The ache for home lives in all of us, the safe place where we can go as we are and not be questioned. -Maya Angelou
This place, as it stands in all its faults and all its beauty will never be who I am. I cannot bring myself to submit to the ways of this broken system. I will not survive a corruption of my independent thought and speech. I feel lost. This is not my home. This will never be my home. I just wanna go home.
There is an ocean I fear.
The waves are strong,
And the water is shallow.
The coral reefs are sharp,
And the salt stings my eyes.
She is beauty packaged in lies,
Floating stories written in blood,
She is uncontrollable and inconsistent,
A wild, rebellious wonder,
A callous, unforgiving punisher,
A beautiful, inviting stranger.
She breaks hearts and bones,
Her consumption unexpected,
Love her and she will be the medicine that mends your soul,
You will learn why they fall deeply, quickly,
Into her arms, into her whole,
And when they rise, if they rise,
… May they rise.
The monster that loves,
The heart that beats and pounds,
A raw crash on unstable ground.
Wave after wave.
Waves and more waves.
“Whoso has felt the spirit of the Highest,
Cannot confound nor doubt Him, nor deny,
Yea, with one voice, O world, though thou deniest,
Stand thou on that side, for on this am I!” – F.W.H. Myers
I very rarely get it right. Most days I grapple with the idea that a Being so great would live and love us so completely as to let us choose. Most mornings, I wonder why I have to endure the task of a day’s worth of everything that goes against the rationale that God could exist. But He must. For me to live, He must. And if the day should ever come when I find He doesn’t, so my life will reach its end.

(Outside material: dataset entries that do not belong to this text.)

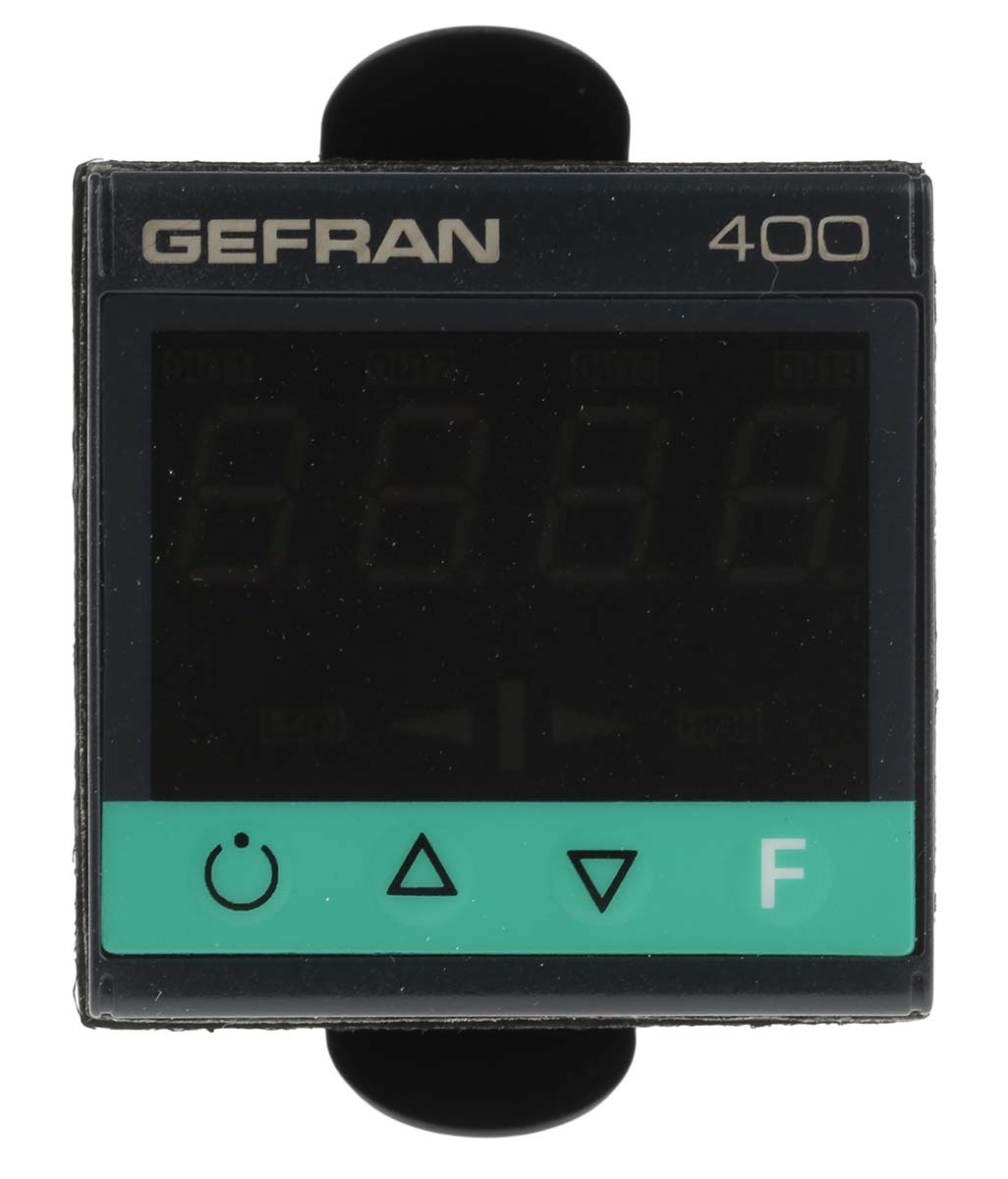 This is 400 PID Temperature Controller 48 x 48 (1/16 DIN)mm 2 Output Logic Relay manufactured by Gefran. The manufacturer part number is 400-DR-0-000. Additionally, the product is supplied with 2 outputs. It features a remarkable single display. It has an attractive green colour display . Whereas, the minimum operating temperature of the product is 0°c. It is IP rated with ip65. The product 400, is a highly preferred choice for users. Whereas, its panel depth is about 99mm . Furthermore, it has alogic, relay output. It features gefran 400 range. Features 11 → 27 v ac/dc supply voltage. It includes on/off as additional functionality . The product's typical temperature range incudes 0 → +1000 (type j thermocouple) °c, 0 → +1300 (type k thermocouple) °c, 0 → +1300 (type n thermocouple) °c, 0 → +1750 (type r thermocouple) °c, 0 → +1750 (type s thermocouple) °c, -100 → +750 (type e thermocouple) °c, -200 → +400 (type t thermocouple) °c, -200 → +600 (rtd 3 wires - pt100) °c, 44 → +1800 (type b thermocouple) °c, -55 → +120 (ptc) °c. It has a maximum operating temperature of +50°c. The product is available in 48 x 48 (1/16 din)mm size.
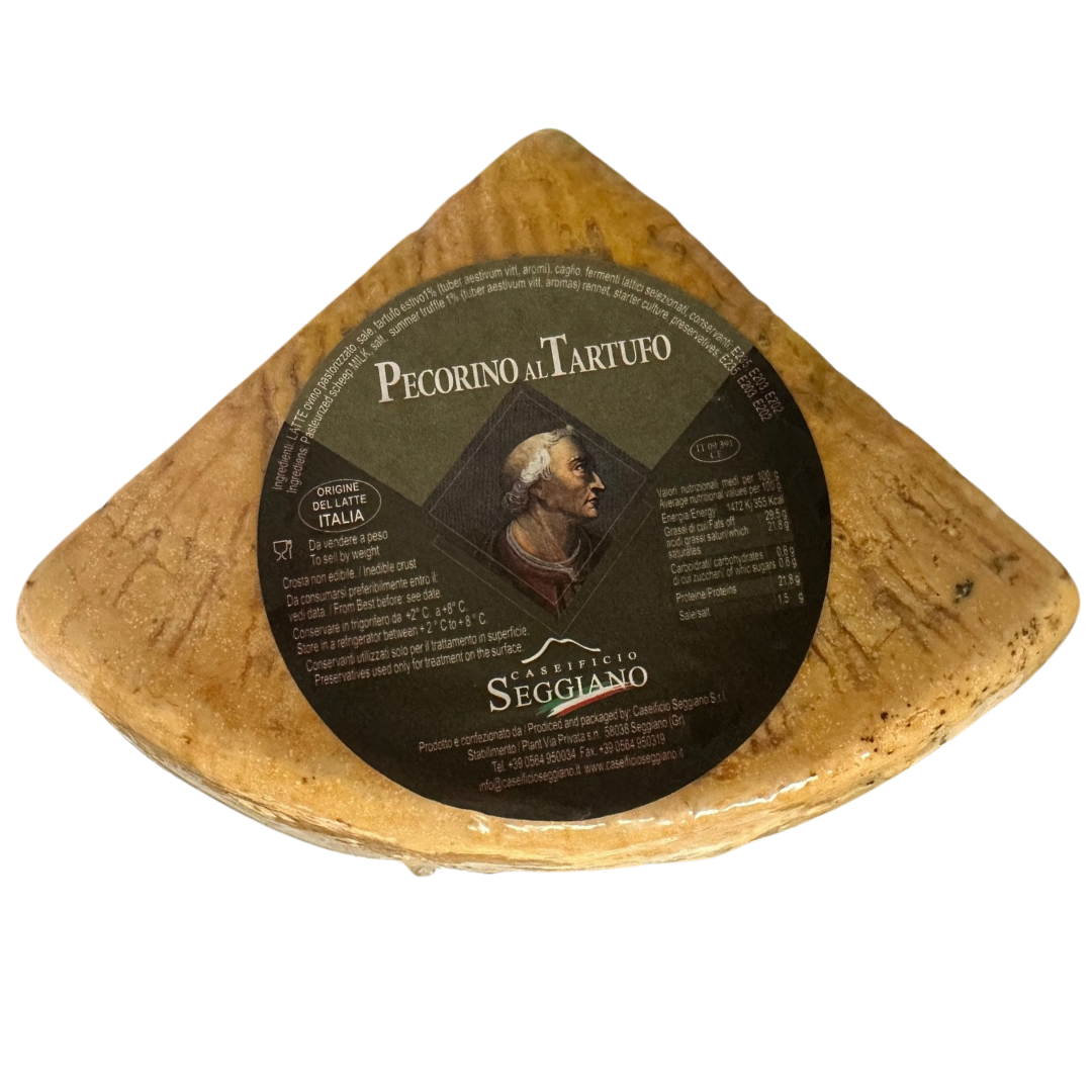 Indulge in the distinctive flavor of Pecorino Truffle Cheese, a semi-soft Italian cheese crafted from pasteurized sheep’s milk and infused with premium black truffles. This delicacy is aged for 30 days to develop a buttery, nutty flavor enriched with earthy truffle notes. The compact, crumbly texture and aromatic profile make it a standout on any cheese board.
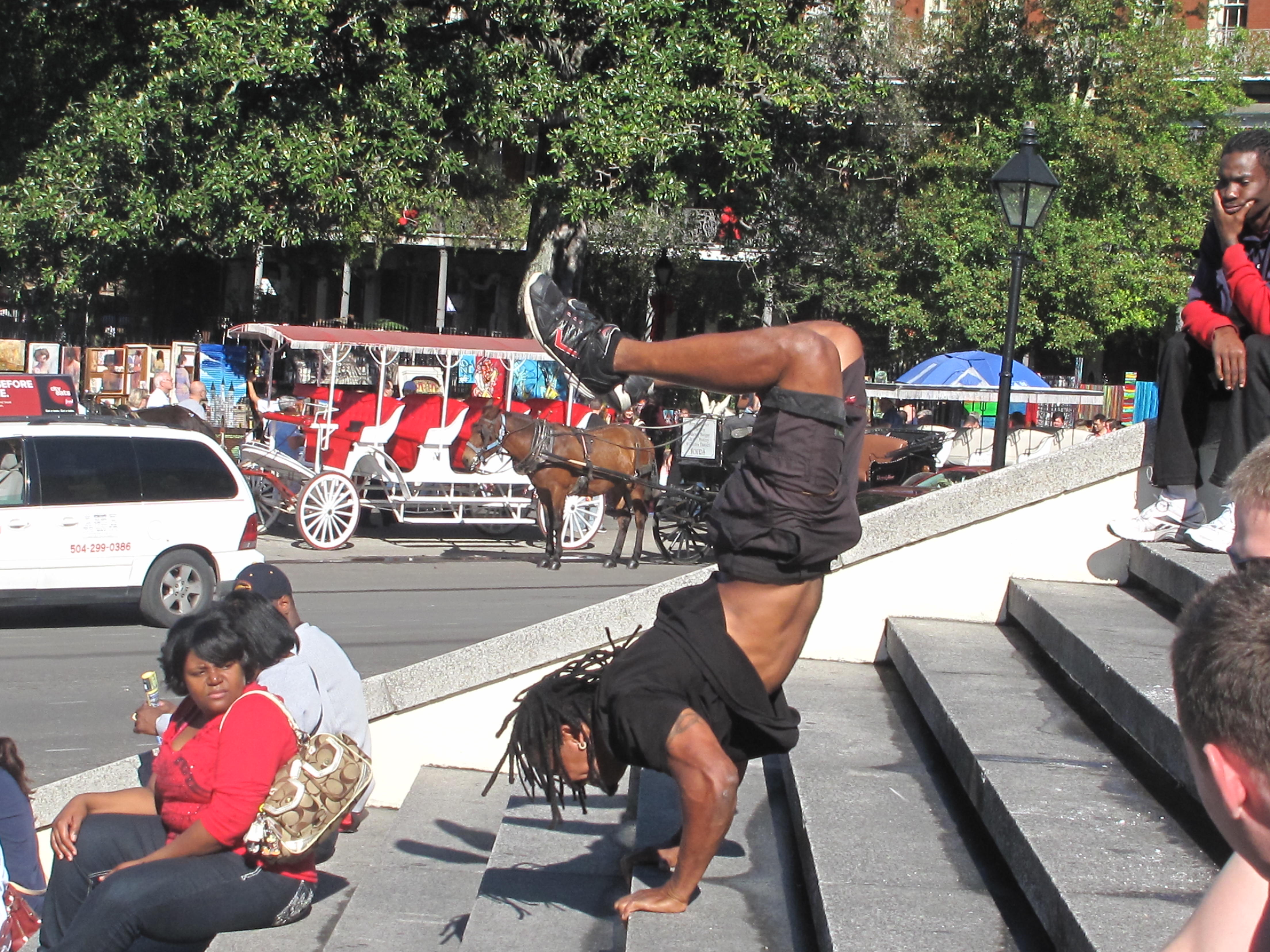 The next morning, we woke up and headed to Cafe Du Monde. We did some new clips for our video coming out soon, We got our Backpacks On. Grabbed some beignets and went and sat on the steps next door. To our surprise, we got treated to one of the coolest moments there, the Calypso Tumblers. These guys were awesome. Walking down the steps on their hands, incredible gymnast aerials, flips and such. We talked to them briefly and made our way to Jackson Square. Browsed around the French Quarter and headed to the St. Louis Cemetery where the Voodoo priestess is supposedly laid to rest. The kids got a kick out of the tombs and the history behind it all.
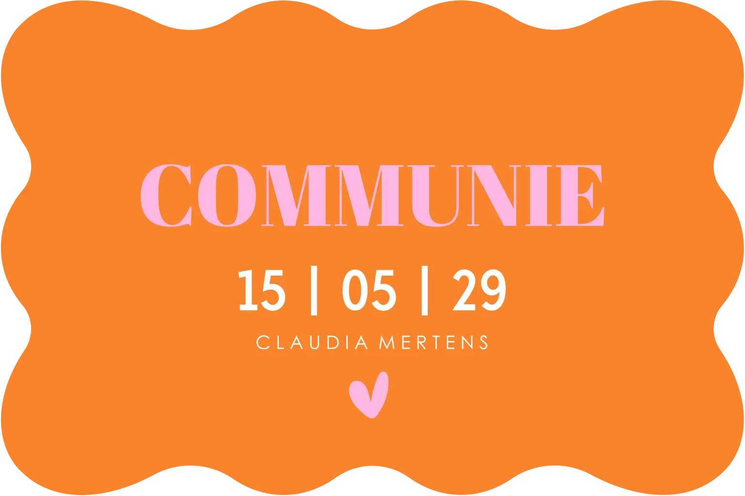 Communiekaart voor een meisje oranje roze met golvend kader. Pas de kleuren naar wens aan.
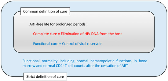 The concepts of human immunodeficiency virus (HIV) cure. A cure for the HIV disease is commonly interpreted as antiretroviral drug therapy (ART)-free life without viral rebound for prolonged periods. In addition, the cure for bone marrow dysfunctionalities observed in HIV-infected patients could be included in a stricter definition of a HIV cure.
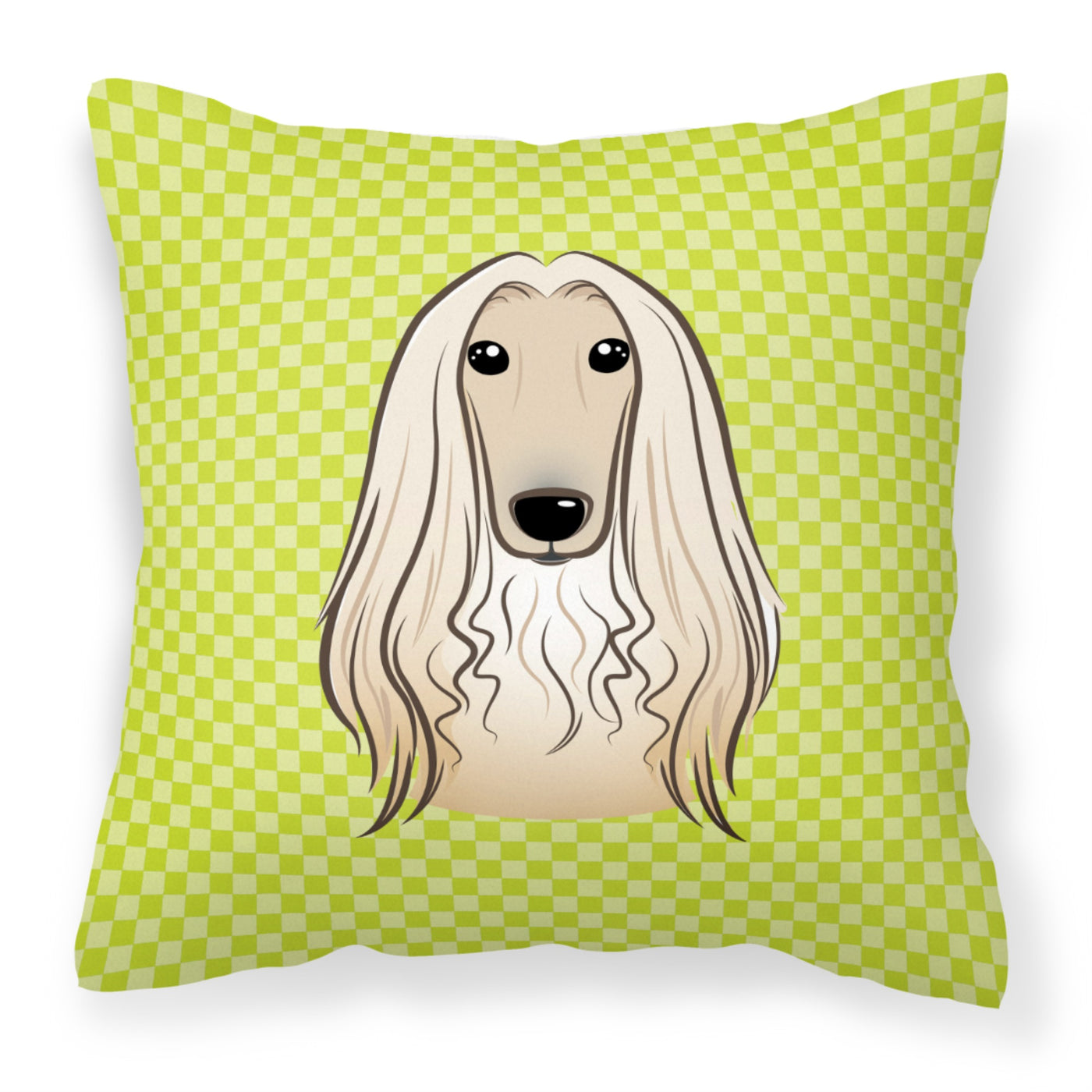 Checkerboard Lime Green Afghan Hound Fabric Decorative Pillow
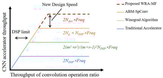 Second, the parallelism of convolution and the critical path of accelerators are limited by DSPs. Because the DSP is a fixed IP provided by the vendor, its critical path cannot be shortened further by modifying the design. If the DSP usage can be reduced or removed, this can increase the parallelism of the convolution operation and improve the convolution frequency. Assuming that the convolution operations have exhausted all the DSP resources, Figure 2 roughly estimates the computational roof of the aforementioned convolutional acceleration approach, where NDSP denotes the number of DSP blocks, and Freq denotes the clock frequency of the accelerators. denotes the input and output taps of the convolution operations for a Winograd-based accelerator. Ng denotes the number of elements that share the same DSP block in ABM-SpConv. Table 1 indicates that the Winograd algorithm and ABM-SpConv reduce the imbalance utilization between the logic and DSP blocks, but they do not eliminate the phenomenon completely. Therefore, the parallelism of the existing accelerated design is still limited by the number of DSP blocks, and the frequency is limited by the critical path of the DSP blocks. NAcc denotes the number of accumulators of the proposed WRA-MF. Because the proposed WRA-MF does not use DSPs, it can maximize the parallelism of the convolution operation. Furthermore, the frequency of the convolution operation is determined by the critical path of the accumulator. Through structural design, we can shorten the critical path of the accumulator through pipeline design to improve the convolution frequency.

There is a story I was told as a child that made me believe the world is good; that most people are kind; that all love is pure. It was a story of freedom and justice, where all actions are aptly met with punishment or praise. Where colour is representation of heritage and not an indication of worth. Where opportunity is owed every being and not bought at a detriment to those who sleep hungry. It was a story that promised healing and security to the sick and vulnerable; one that swore the compassion and integrity of those we call leaders. But I was lied to. Greedy men bought the world through carnage and deception. This so-called ‘humanity’ found a way to own and package our liberties as well as limit and cripple our progress. This world is not very good; most of us are not so kind; and not all our love has proven pure. 2014 marks another year that we continued to lie to our children. On to the next one.